Assim acaba a narração das glórias do Margasirsa-sukla Ekadasi ou moksada Ekadasi do Brahmananda Purana.
Notas:
1-Quando o Ekadasi cai em combinação com o Dvadasi, os devotos o chamam de maha-Dvadasi, e o jejum de cereais e feijões é feito neste (maha) Dvadasi, isto é devido a uma instrução do senhor Brahma à Garuda.
2-Os quatros vedas são: Sama, Yajur, Rg e Atharva.

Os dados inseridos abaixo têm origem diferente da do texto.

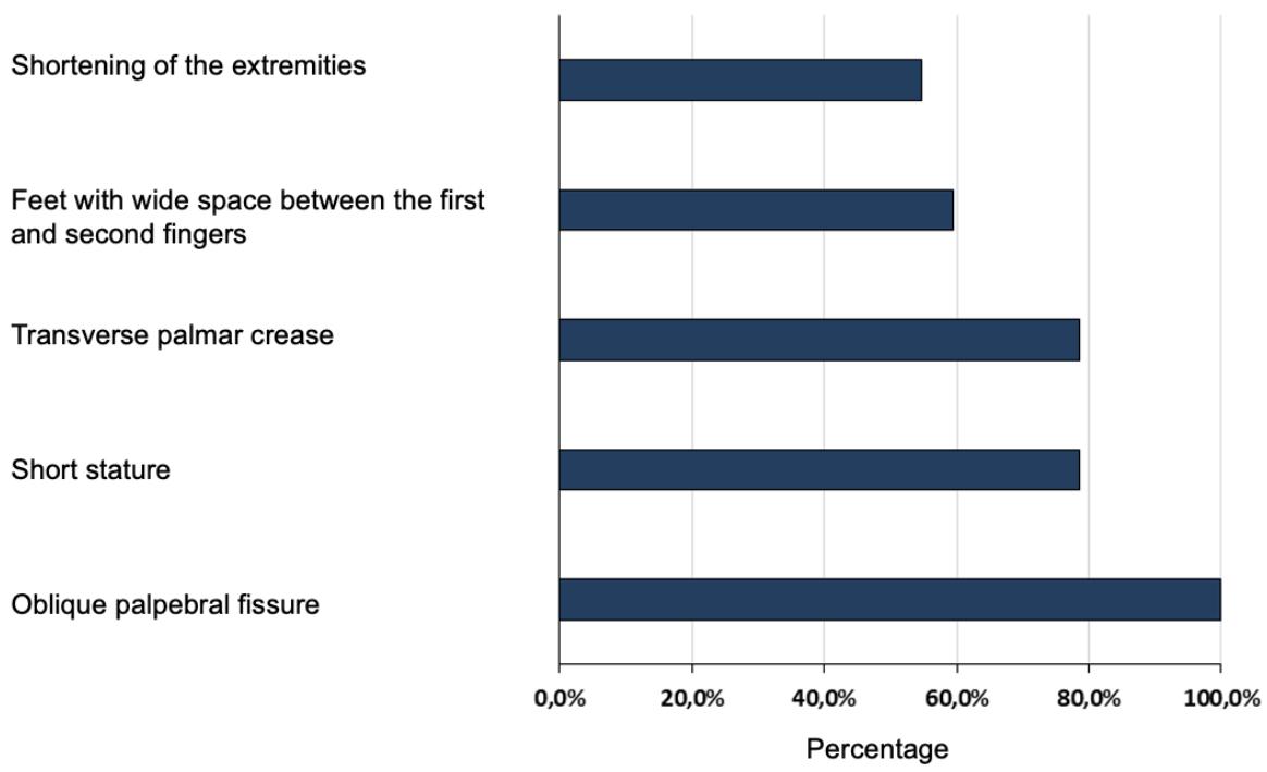 In Figure 1 it can be seen that all participants have an oblique palpebral fissure (100.0%) and the majority have short stature (78.6%), a single transverse palmar crease (78.6%), feet with wide space between the first and second fingers (59.5%) and shortening of the extremities (hands, feet, fingers, nose and ears) (54.8%).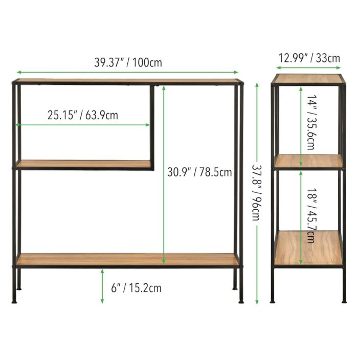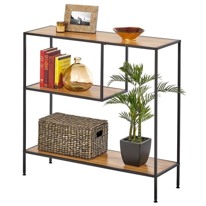 أضف لمسة من الأناقة العصرية إلى منزلك مع هذه الطاولة الخشبية المزودة بـ 3 أرفف وإطار معدني متين. تصميمها العملي يوفر لك مساحة مثالية لعرض الكتب والإكسسوارات والديكورات، بينما يمنحك الرف السفلي مساحة إضافية للتخزين والتنظيم. بفضل مزيج الخشب الطبيعي مع المعدن الأسود الأنيق، تتناغم الطاولة بسهولة مع مختلف أنماط الديكور لتكون إضافة مثالية لغرفة المعيشة أو المدخل أو حتى المكتب المنزلي.

3-Os sete membros do domínio de um rei são: o próprio rei, seus ministros, seu tesouro, suas forças militares, seus aliados, os brahmanas, os sacrifícios executados em seu reino e as necessidades de seus súditos.
4-Se alguém observa o jejum de Ekadasi para um antepassado falecido que esteja sofrendo no inferno, então o mérito assim obtido capacita o antepassado à deixar o inferno e entrar no reino celestial onde então poderá praticar serviço devocional a Krishna ou Vishnu e ir de volta ao Supremo. Mas aquele que observa Ekadasi para sua própria elevação espiritual, volta ao Supremo pessoalmente, nunca retornando ao mundo material.